The present article discussed the selection of base models from the perspective of status of variables in PCFA. The main criteria for model specification were the status of variables as fixed versus random and as predictors versus criteria. The result of the application of the rules that were formulated was a base model that then was subjected to standard CFA routines. Yet, there are more criteria that can be used to select a base model. For instance, one can ask whether for the random variables on the criterion side, more parsimonious models than the saturated one can be considered, and how to identify these models. Table 3 indicates already that more parsimonious models may be possible. This applies accordingly when the predictors are random and the criteria are fixed, as is the case in Discriminant CFA (DCFA; see von Eye, Schuster, & Gutiérrez-Peña, in preparation). One can try to fit log-linear models to either only the predictors (PCFA) or only the criteria (DCFA) and thus arrive at a more parsimonious base model. The gain of this approach will be twofold. First, there will be more statistical power. Thus, it is more likely that types and antitypes will be detected. Second, and for the interpretation of types and antitypes equally important, these parsimonious models will show what main effects and interactions do versus do not exist in the criteria when the table is collapsed with respect to the predictors (criteria) thus creating a natural basis for interpretation. Future work will have to develop this argument in more detail (Schuster & von Eye, in preparation).

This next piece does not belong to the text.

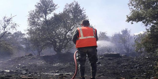 أخمد عناصر الدفاع المدني في حمص بالتعاون مع إطفاء مديرية الزراعة اليوم حريقا اندلع بأعشاب يابسة وبساتين زيتون في أراضي بلدة الكيمة في ريف حمص الغربي.

The present article focused on the model of Prediction CFA. PCFA is only one of a number of regional CFA models. These are models where variables can have a different status such as, for instance, predictors and criteria. Other examples of regional CFA models include Discrimination CFA where variables can be fixed on the predictor side. The consequences that different sampling schemes have for Discrimination CFA are not exactly the same as the consequences for PCFA. Therefore, a parallel paper is being prepared where sampling schemes are discussed for Discrimination CFA (von Eye, Schuster, & Gutiérrez-Peña, in preparation). Later works will have to address the issue of sampling schemes and their consequences for all of CFA.